Proper TV Metadata Schema Bits and Pieces (Hi TVBrainz)
- Some series have multiple sets of episode titles per locale, usually its one set per broadcasting company
- Some series have a different title per season
- Elephant Princess http://de.wikipedia.org/wiki/Elephant_Princess
- Some series have alternate titles
- The Killing http://de.wikipedia.org/wiki/Kommissarin_Lund_%E2%80%93_Das_Verbrechen this series also uses roman or arabic numbers in addition to the title as season specific series title
- Usually the episode title is unique per series, but some series have multiple episodes with the same title
- some series started on radio and continued on tv
- Die Hesselbachs http://de.wikipedia.org/wiki/Die_Hesselbachs
- some series got rebranded
- Pusteblume -> Löwenzahn http://en.wikipedia.org/wiki/L%C3%B6wenzahn
- many series don't do seasons
- Eisenbahnromantik http://www.swr.de/eisenbahn-romantik/ (lots of repeats on bags of tv stations and lots of full episodes on youtube, good for testing VOD integration due to no regional restrictions http://www.youtube.com/user/Eisenbahnromantik )
- some episodes belong to multiple series
- it is common for documentary brands to buy unrelated documentary movies and mini series that are run under a bigger brand
- - example of the two episodes that belong to two series goes here -
- some series have a different order per country/station
- Wickie und die starken Männer http://forums.thetvdb.com/viewtopic.php?f=41&t=18059
- some series contain the same episode multiple times / with multiple episode numbers
- Eisenbahnromantik http://www.swr.de/eisenbahn-romantik/
- some series / collection of movies are unclear if they should be a series or a collection of movies or both
- Varg Veum, has a main cast and seasons, also used a translated and the original season title http://de.wikipedia.org/wiki/Der_Wolf_%28Fernsehreihe%29
- Rosamunde Pilcher, shares no cast http://de.wikipedia.org/wiki/Rosamunde_Pilcher#Verfilmungen
- Inga Lindström, shares no cast http://de.wikipedia.org/wiki/Inga_Lindstr%C3%B6m#Inga-Lindstr.C3.B6m-Reihe
- Utta Danella, shares no cast http://de.wikipedia.org/wiki/Utta_Danella#Verfilmungen
- Harry Potter, a feature film series http://en.wikipedia.org/wiki/Harry_Potter_%28film_series%29
- some series are coproduced for multiple locales with most of an episode being shared internationally, but parts being replaced locally (completely different shots/actors)

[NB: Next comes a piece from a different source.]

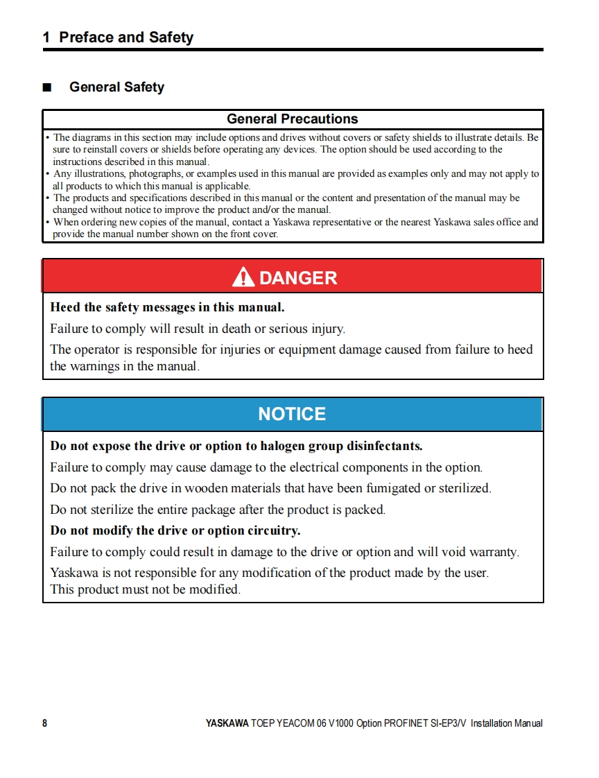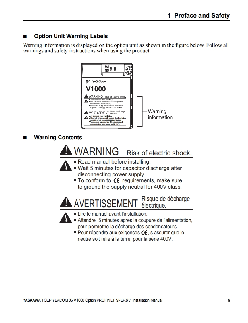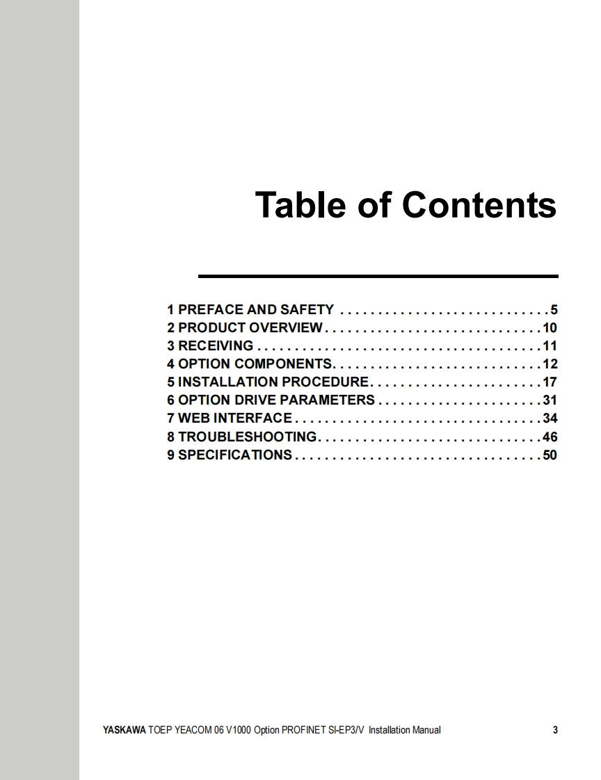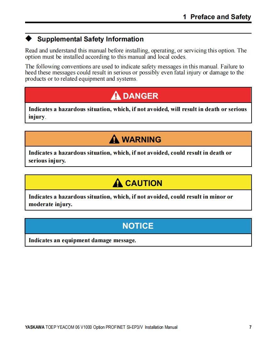 YASKAWAYASKAWA AC Drive-V1000 OptionPROFINETInstallation ManualType Sl-EP3/VTo properly use the product,read this manual thoroughly and retainfor easy reference,inspection,and maintenance.Ensure the end userreceives this manual.88MANUAL NO.TOEP YEACOM 06

- Fraggle Rock, see http://muppet.wikia.com/wiki/Fraggle_Rock#Co-Productions
- some series started out internationally as dubs and later branched of into unrelated shows of the same brand
- Sesame Street, see http://muppet.wikia.com/wiki/Sesamstrasse
- some episodic movies are basically short movies pasted together
The set of titles (series/season/episode) should be marked as being a true alternate or just a typo/search hint. Some titles are international (used for all languages without localization) titles - showing a poster of the international is better then defaulting to a specific locale.